TASK PROMPT:
Every line of the listing belongs in your answer exactly as written; the images do not.

DATA SEGMENT:

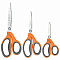 Лезвия ножниц изготовлены из высококачественной нержавеющей стали, что обеспечивает им высокую износостойкость. Благодаря двухсторонней заточке лезвия остаются острыми даже после интенсивной эксплуатации, сохраняя свои режущие свойства. Эргономичные ручки из пластика с резиновыми вставками обеспечивают удобный захват, что делает процесс резки комфортным. Общая длина инструментов составляет: 210 мм, 135 мм и 180 мм.
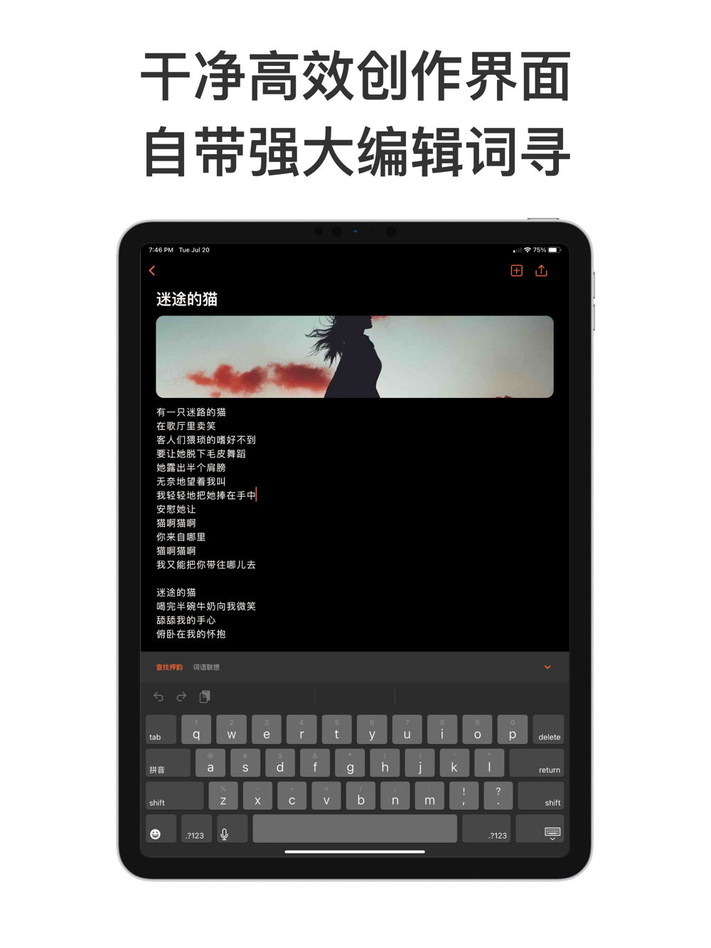 * 高效干净的歌词编辑器 不仅可以写词 还能录制音频, 不论何种灵感, 永不落下
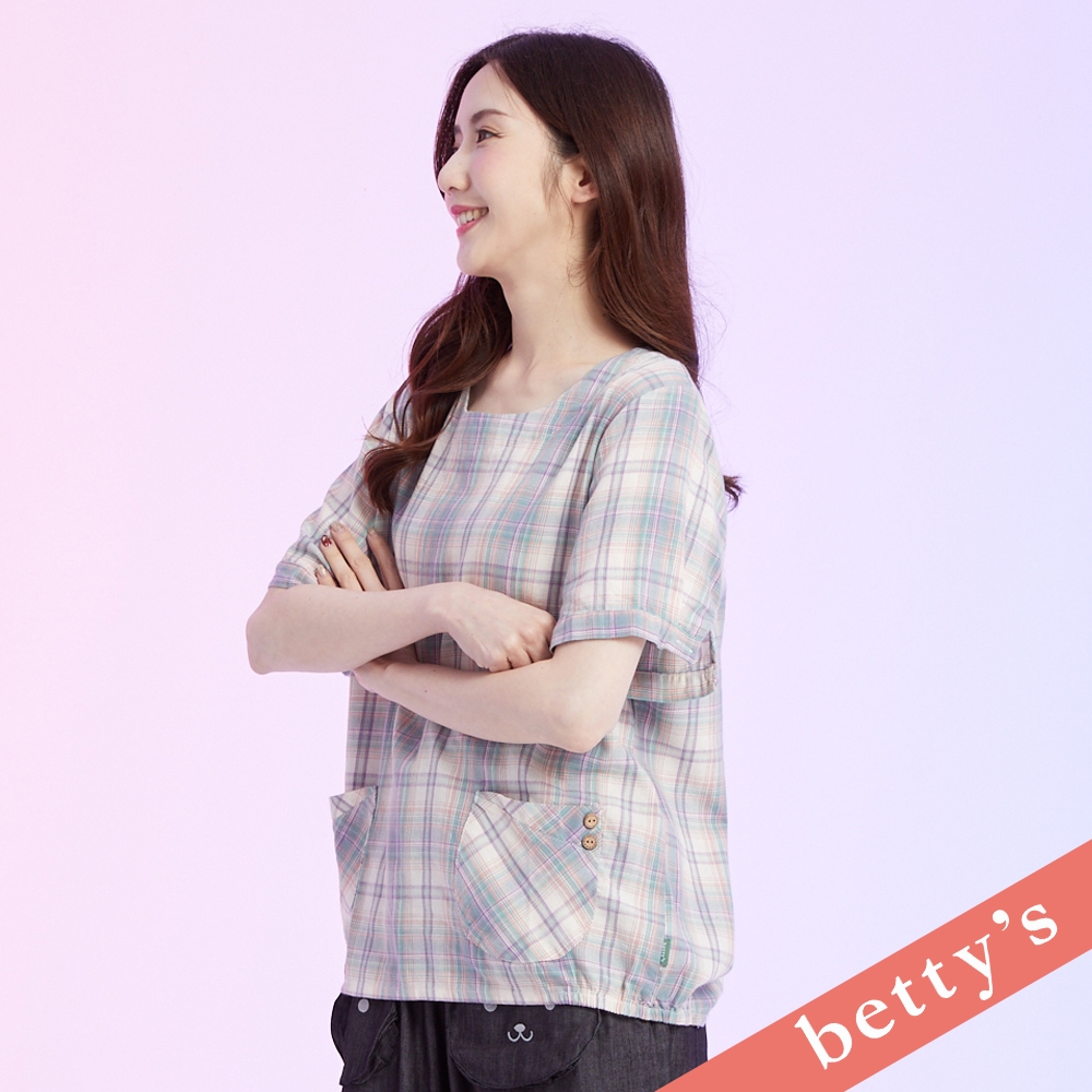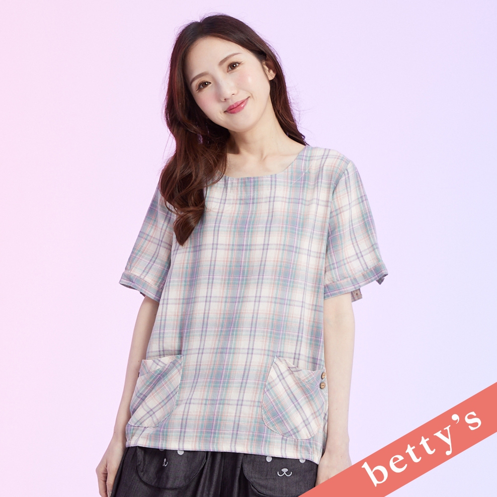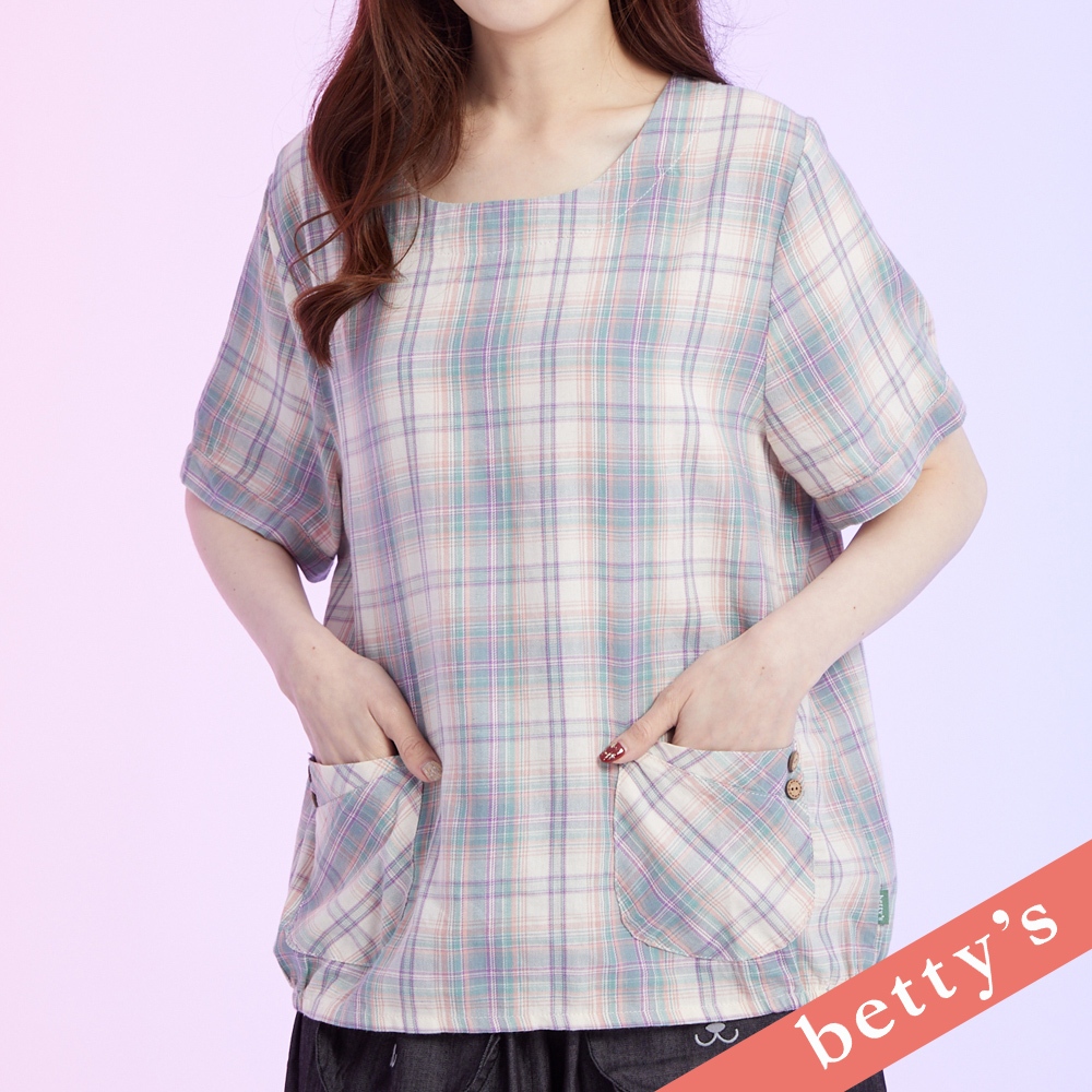 betty’s貝蒂思(41)多彩格紋口袋短袖上衣(淺綠)淺綠,M|淺綠,L|淺綠,XLT-shirtsbetty’s貝蒂思

EXERCISE OUTPUT:
 Лезвия ножниц изготовлены из высококачественной нержавеющей стали, что обеспечивает им высокую износостойкость. Благодаря двухсторонней заточке лезвия остаются острыми даже после интенсивной эксплуатации, сохраняя свои режущие свойства. Эргономичные ручки из пластика с резиновыми вставками обеспечивают удобный захват, что делает процесс резки комфортным. Общая длина инструментов составляет: 210 мм, 135 мм и 180 мм.
 * 高效干净的歌词编辑器 不仅可以写词 还能录制音频, 不论何种灵感, 永不落下
 betty’s貝蒂思(41)多彩格紋口袋短袖上衣(淺綠)淺綠,M|淺綠,L|淺綠,XLT-shirtsbetty’s貝蒂思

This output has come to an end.